- Born: July 3, 1902
- Died: April 24, 1990 (aged 87) Bethlehem, Connecticut
- Occupation(s): Actress, Philanthropist
- Parent(s): Henry Farriday (father), Eliza Woolsey Farriday (mother)

= Carolyn Ferriday =

American philanthropist

Caroline Woolsey Ferriday (July 3, 1902 - April 24, 1990) was an American philanthropist known for her efforts during World War II and the period after. She is best known for bringing the plight of the "Rabbits", or "Lapins", Polish women subjected to medical experimentation by the Nazis at Ravensbrück concentration camp, to the American public.

==Biography==

===Early life===
Caroline Ferriday was born on July 3, 1902, to Henry and Eliza Ferriday. In 1912 her parents purchased what is now known as the Bellamy-Ferriday House where the family would spend their summers, after spending their winters in New York City.

===Acting career===
Caroline Ferriday's acting debut was in Shakespeare's the Merchant of Venice, in the role of Balthazar.

===Philanthropic work===
Ferriday volunteered at the French Embassy in New York and was involved with the Association des Déportées et Internées Résistantes (ADIR), to provide relief to French orphans.

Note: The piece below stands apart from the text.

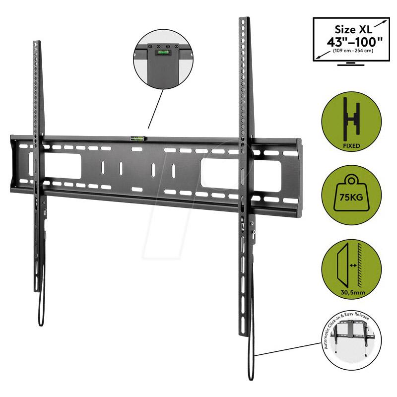 GOOBAY TV Pro Fixed XL 109cm-254cm (43"-100") stenski nosilec za TV, z največjo težo 75kg, je izredno tanek in je od stene oddaljen le 30,5mm, da zaključi eleganten videz ultra tankih televizorjev. Vzmetna zapora z enostavno rešljivimi kabelskimi ključavnicami omogoča enostavno in varno pritrditev vašega zaslona na steno.

====The "Rabbits" of Ravensbrück====
Ferriday approached Norman Cousins to write an article in Friends Journal to raise awareness and charitable funds for the survivors of the Nazi medical experiments at Ravensbrück concentration camp.
She brought 35 of the surviving Rabbits to the United States for reconstructive surgery. She visited Warsaw, Poland in 1958 to meet the women and make initial preparation for their trip, and visited again that same year with Dr. William Hitzig, who had also aided the Hiroshima Maidens, for a medical assessment of their needs. She wrote three articles about the Rabbits who considered her to be a dear friend, even calling her 'godmother'. The women visited from December 1958 to December 1959 and went all over the country, staying with host-families and received their medical procedures, and Caroline herself hosting four women for Christmas. In the summer of 1959, they met up for a cross-country trip, touring all the way from San Francisco to New York City, with a special stop in Washington, D.C., where they had a special luncheon with Senators and Representatives. Caroline continued to have contact with several of the women after they left the United States.

===Death and afterward===
Caroline Ferriday died on April 24, 1990 (aged 87), and had a memorial service at Bethlehem's Christ Church the following day. She left her home, the Bellamy-Ferriday House and Garden to Connecticut Landmarks and the land to Bethlehem Land Trust.
She is one of three protagonists in Martha Hall Kelly's World War II historical fiction novel, Lilac Girls.

==Honours, decorations, awards, and distinctions==
Ferriday was awarded the Cross of Lorraine and the Legion of Honor by the French government in the 1950s for her support of the French Resistance and her work with the survivors of Ravensbrück concentration camp.